Staged Reading and Discussion of Plays by Gao Xingjian on 12/5
November 05, 2013
The staged reading will feature excerpts of plays by Gao Xingjian, and will be performed by students of THET 489G (Globalization and Theatre).
The staged reading will feature excerpts of plays by Gao Xingjian, and will be performed by students of THET 489G (Globalization and Theatre). The playwright Gao Xingjian will be present at the reading, and Dr. Claire Conceison of Duke University will facilitate the discussion. Gao Xingjian won the Nobel Prize for Literature in 2000 and is a renowned writer, painter, and filmmaker. His paintings and films are exhibited at the Art Gallery at UMD until December 20.

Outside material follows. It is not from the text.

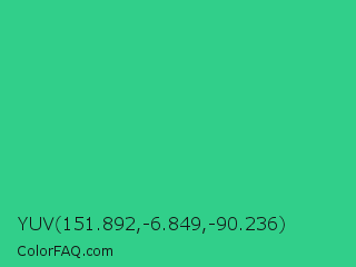 YUV 151.892,-6.849,-90.236 Color is a normal green color and the nearest color is Shamrock #33cc99. Hex code #31cf8a and RGB value is rgb(49,207,138). In RGB color space, this color is composed of 19% red, 81% green, 54% blue, In CMYK color space, this color is composed of 76% cyan, 0% magenta, 33% yellow , 19% black , In HSL color space, this color has a hue angle of 154° , 62% saturation and 50% lightness.

http://www.artgallery.umd.edu/exhibition/inner-landscape-paintings-and-films-gao-xingjian
The exhibition has been organized by The Art Gallery, curated by Professor Jason C. Kuo (Art History and Archaeology) with the support of the Department of Art History and Archaeology, the Center for East Asian Studies, the Wang Fangyu Endowment for Calligraphy Education, the Program in Chinese, the Department of East Asian Languages and Cultures, the Program in French, the Department of French and Italian, the Program in Asian American Studies, the Program in Film Studies, the Graduate Field Committee in Film Studies, and the School of Languages, Literatures, and Cultures, all at the University of Maryland, College Park.
Born in 1940, in Jiangxi province in eastern China, Gao Xingjian is the first Chinese recipient of the Nobel Prize in Literature. Mr. Gao’s interest in theatre, writing, and all things creative was instilled at an early age by his mother, an amateur actress. He began painting at age ten after his uncle gave him a notebook for his birthday. Mr. Gao describes it as “just white papers, no grid and no lines,” and it was in this where he first began writing and drawing simultaneously. Throughout the course of Gao Xingjian’s prolific career, he has had nearly thirty international exhibitions of his ink paintings and, also, illustrates all of the covers of his books.
The event is FREE and open to the public.